Schistosomiasis is a parasitic disease caused by parasitic flatworms of the genus Schistosoma that live in the mesenteric veins of definitive hosts (Zhong et al., 2022). The disease is mainly distributed in subtropical and tropical areas of 78 countries and regions, with approximately 800 million people at risk of infection and 241.3 million people requiring preventive chemotherapy (Xu et al., 2022). S. japonicum is one of the three major species of schistosome blood flukes causing the disease of schistosomiasis in humans in Asian countries such as China, the Philippines, and Indonesia (Mu et al., 2022). adult S. japonicum lay a large number of eggs, leading to significant pathological reactions of final hosts, which can be fatal to humans and animals (Gryseels et al., 2006; Tucker et al., 2013). Detection of Schistosoma eggs in feces is considered to be the gold standard for diagnosis of the disease (Katz et al., 1972), but this method suffer from some limitations such as relatively low sensitivity, increased time-consumption, skilled personnel being required for operation and lack of onsite applicability (Hamilton et al., 1998; Ullah et al., 2020). Consequently, it is necessary to develop alternative methods for schistosomiasis diagnosis.
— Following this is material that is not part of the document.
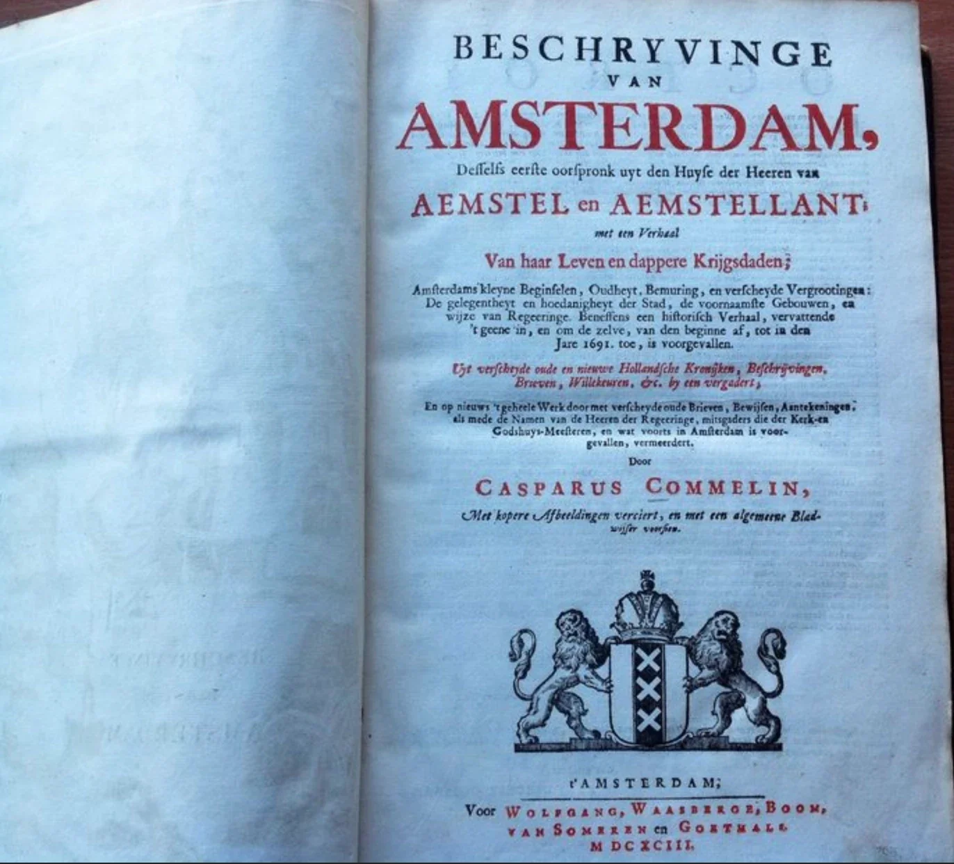 De kopergravure van Casparus Commelin is een belangrijk onderdeel van het boek "Beschryvingen van Amsterdam", uitgegeven door C. Commelin in 1693. Dit boek biedt een uitgebreid overzicht van de stad en haar geschiedenis, en de gravures van Commelin illustreren de pracht en praal van Amsterdam in die tijd. Het boek is een waardevolle bron voor historici en kunstliefhebbers die meer willen weten over de stad en haar verleden.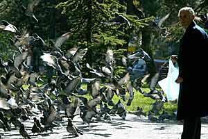 A man feeds pidgeons in Belgrade's Kalemegdan Fortress park, March 2007.

Extracellular vehicles (EVs) secreted from S. japonicum could be ideal biomarkers for diagnosing pathogen infection (Zhu et al., 2016). In our previous study, we evaluated the potential of SjEV proteins as biomarkers for diagnosing schistosomiasis by ELISA, suggesting that S. japonicum EV proteins could serve as potential biomarkers for developing diagnostic tools for schistosomiasis (Chen et al., 2020; Wang et al., 2018). ELISA is a commonly used serological method for S. japonicum diagnosis, that requires a relatively large amount of recombinant antigen, mostly recombinant proteins expressed in prokaryotes (Cai et al., 2017). In addition, the structure of these recombinant proteins may not be identical to that of natural proteins, which can affect the specificity and sensitivity of the assay. In contrast, recombinant proteins expressed in eukaryotic organisms may have similar structures that are closer to organisms. The luciferase immunoprecipitation systems (LIPS) assay is a liquid phase immunoassay allowing high-throughput serological screening of antigen-specific antibodies (Burbelo et al., 2010; Burbelo et al., 2009). The antigen-antibody specific complex obtained through pre-incubation, captured using protein A/G beads and then the luciferase activity is determined (Burbelo et al., 2012; Donelan et al., 2013). In addition, the usage of luciferase as a reporter offers significant sensitivity and also help to solve the problem of low expression of exogenous proteins in eukaryotic cells, eliminating the need for protein extraction and purification processes (Phonbuppha et al., 2023). Moreover, the antigen preparation method is relatively simple as compared to ELISA and immunofluorescence methods, the detection method is faster and more convenient (Burbelo et al., 2007). Currently, LIPS has been applied to detect pathogen specific antibodies for certain pathogens (Burbelo et al., 2008; Ding et al., 2022).

In the present study, based on our previously identified SjEV protein, we selected a saposin-like protein (SjSLP) as a diagnostic antigen to establish a LIPS method. As compared with the indirect ELISA method derived from same antigen purified from prokaryotic cells, the LIPS showed higher sensitivity. Upon the comparison of diagnostic potential of the SjSLP with a well investigated antigen, Sj23, the results suggested that the LIPS combined with SjSLP protein can serve as alternative method for detecting S. japonicum infection.